We have been going to a nurse practitioner that we like and that has similar philosophies about vaxing like we do, but it's a walk-in place where you pre-pay...and as nice as she is, it's for all ages...not specializing in pediatrics. I have called around before and some pediatricians will not even take you if you don't vax and most of the local pediatricians who are more amenable to not vaxing or delayed/alternate vaxing are not taking new patients. There is ONE a few towns over (45 minutes or so away)...that seems to have good reviews.

I'm just wondering a couple things...do I need to be asking or pursuing looking into why Edmund isn't talking yet? And would I have better luck finding out what to do if we started taking him to an actual pediatrician?

He was 19 months old on Monday, so shouldn't he at least be saying a FEW words? I know I'm not the standard to judge by, but my baby book has a list of over a 100 words that I was saying by this point and I was stringing together 2-3 word sentences by the time I was two. I have been fairly laid back about this up to this point, but I keep seeing references to what others his age are saying and it just makes me wonder.


----------



## tzs (Aug 4, 2009)

well, my 16 month-old has started her dissertation for her doctorate so you're waaaaay behind 

no, i had a 20 month old in my class who pretty much only repeated words (and not all that much) and the specialist at our school didn't even want to send her to EI yet. she was so not even on the radar.

but i'm no expert, that's just one anecdotal case.


----------



## Chamomile Girl (Nov 4, 2008)

My kid is also 19 months old and also nonverbal. He only says one word anymore ("Ball" if you're interested lol).

His Ped was not worried at his 18mo well-baby visit, but I was. So I contacted the Early Intervention Program this last week and had him assessed. Early Intervention is a federally funded program (under Early Start) so it will be free to you regardless of if you have health insurance or not. You don't need a doctor to recommend your son, you can do it yourself. You should be able to find their info online. Most EI programs are run by the local school district.

He was assessed as verbally behind by 45% and so qualifies for speech therapy. He has not yet gone to a session, but from what I understand they will start by teaching him signs and then move on to working on his verbal vocab. I'm hoping it helps him, because he has a lot to say (jabbers all.day.long. but I can't understand half of what he is trying to tel me. Doesn't frustrate him, but it does me!).

So I would get him assessed. Can't hurt really and may really help.


----------



## Starfish11 (Apr 4, 2008)

I was incredibly worried about my daughter not talking around 19 months. When she hit 24 months, she became a gabber. Now she talks all the time. From what I gleaned from my intense, furtive searches on the topic, most toddlers work hard on verbal development around this time, but others focus on other areas. You mention that your son is working hard on problem solving so that could be where he's spending his time. My DD is physically advanced because that's what she focuses on.

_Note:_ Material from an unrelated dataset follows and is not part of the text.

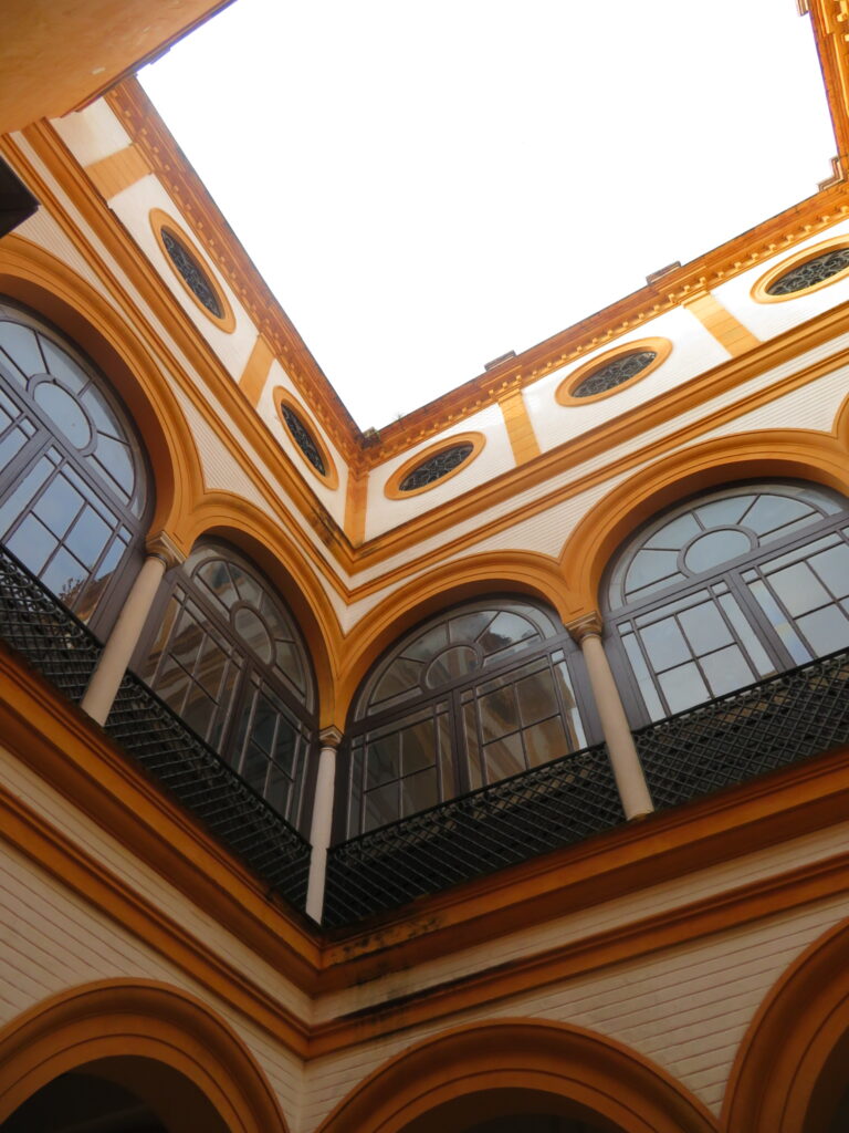 En retrait des rues principales du centre historique de Séville se trouve un trésor caché : la jolie place en demi-lune Del Cabildo. Si vous cherchez à échapper un instant à l’effervescence de la cathédrale, glissez-vous sous le passage discret qui y mène. Véritable joyau de l’architecture néo-baroque, cette place semi-circulaire surprend par son élégance et son calme presque sacré.

I talked to my pediatrician at her two-year exam because she only had about 35 words in her vocabulary by then and he said she was doing just fine. She signed words, like yours, and most modern interpretations of "language" include their non-verbal and verbal abilities.

Everyone kept telling me that I should enjoy the last few peaceful moments and I used to brush that off but now I totally get what they are saying. At 26 months she talks incessantly.

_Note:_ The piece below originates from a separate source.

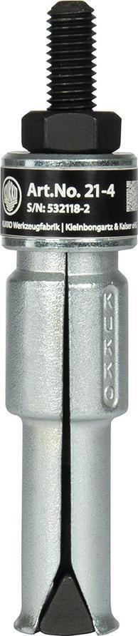 Конструкція внутрішнього екстрактора: з розділеними затискними губками та клиновим гвинтом.Застосування: для виймання шарикопідшипників, зовнішніх кілець і втулок підшипників.Також для підшипників, розташованих дуже близько до задньої стінки, які можна легко схопити та витягнути.Для використання з опорою внутрішнього знімача моделі 21.

BTW, my nephew, born two days before my DD, still has a fairly limited vocabulary according to developmental charts, BUT he is super smart and communicates just fine as well. His pediatrician (very mainstream) has no worries about him either given that he is actively engaged with the people in his life and his environment.


----------



## goldingoddess (Jan 5, 2008)

Sounds normal to me. Wy guy didn't really start talking until he was 2 and now at 2.5 he doesn't stop talking.


----------



## justKate (Jun 10, 2008)

Nope, don't worry. I promise.


----------



## hakeber (Aug 3, 2005)

My niece was mostly grunts until about 2.5 or 3 and then suddenly was talking in full sentences and she hasn't stopped talking but for meals and sleep since.

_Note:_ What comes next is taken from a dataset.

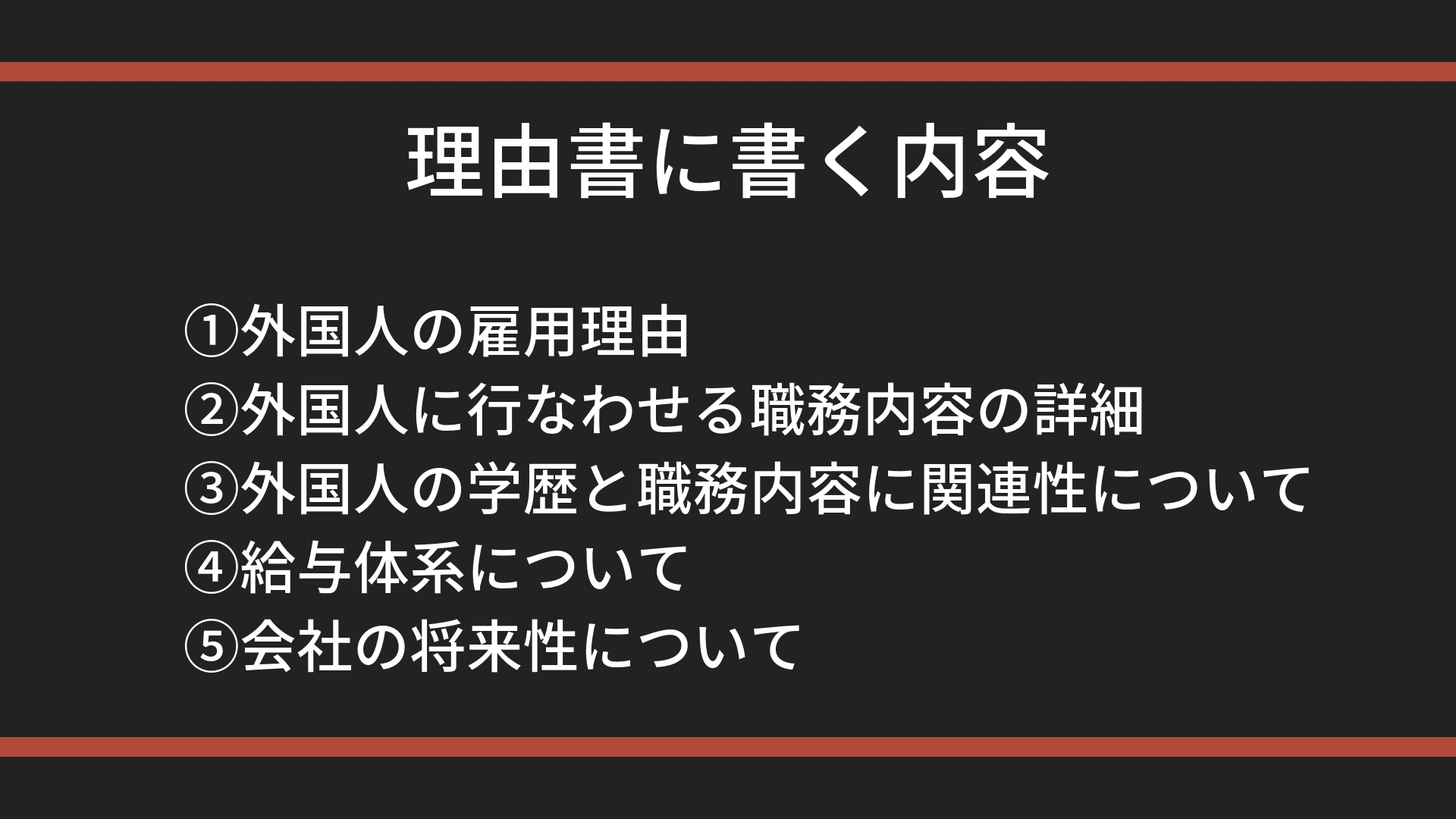 これが全てではありませんが、書くことが多い内容を5つ記載致しました。この中で最も大切な内容は、②です。外国人に実際に行なわせる業務内容はとても大切です。“現場労働ではないか”“パソコン作業だとしても打ち込みだけの単純作業ではないか”など、2019年1月時点では認められていない単純労働ではないことを証明していくことになります。単純労働と誤解されてしまう可能性がある業種の場合は、外国人の作業内容をより具体的に記載することが許可を取れる最も有効的な方法になります。記載するのが面倒という理由で、中途半端に記載をすると最悪の場合不許可になることがありますし、審査中に追加資料を求められる場合がございます。追加資料を求められると、その資料が提出されるまで、もしくは指定の期限が過ぎるまで審査がストップすることになります。また職務内容を記載する場合は、正社員であれば最低でも1日8時間、週5日の作業をするだけの仕事のボリュームも大切になってきますので、その点も意識しながら作成してみてください。他に取り上げた①、③~⑤の内容についても大切にはなりますが、それぞれの状況に応じて書く内容は変化してきます。

DS was the same, though he was being raised bilingually, so when he started real words at about 26 months, it was full sentences and back and forth between English and Spanish. Still I got all sorts of flack from other moms that he was slow and need evaluation.

I don't know.

It's worth getting his hearing checked though, because my friend Louisa, who is now fully verbal at the age of 38 never spoke a word for FIVE years and then finally they took her to be evaluated and they discovered that she couldn't hear what anyone was saying, but luckily it was operable. They did an operation and it took her a while to get caught up, but now she is an English teacher, and like other late talkers hardly ever shuts up.


----------



## Peony (Nov 27, 2003)

DS was barely babbling at 18m so we did the whole EI assessment thing. All my kids have been later talkers but he was behind where the girls where. He is 21 months now and gets weekly speech therapy, still only says mama and has 3 signs that *sometimes* he will copy. The reason I sought out help for him and not for the girls is DS has always shown minimal interest in communicating, he mostly yells, other then that he is a quiet little guy. For a while I didn't even known if he understood what we were saying, now I know he does.


----------



## earthworm (May 15, 2010)

My oldest child didn't talk except for a few words until about 2. He just turned 4 and has no speech issues. I say it's probably not worth worrying much about, but I am definitely not an expert. An assessment wouldn't be a bad idea if you are really concerned.


----------



## ellemenope (Jul 11, 2009)

Your DS sound fine! Better than fine.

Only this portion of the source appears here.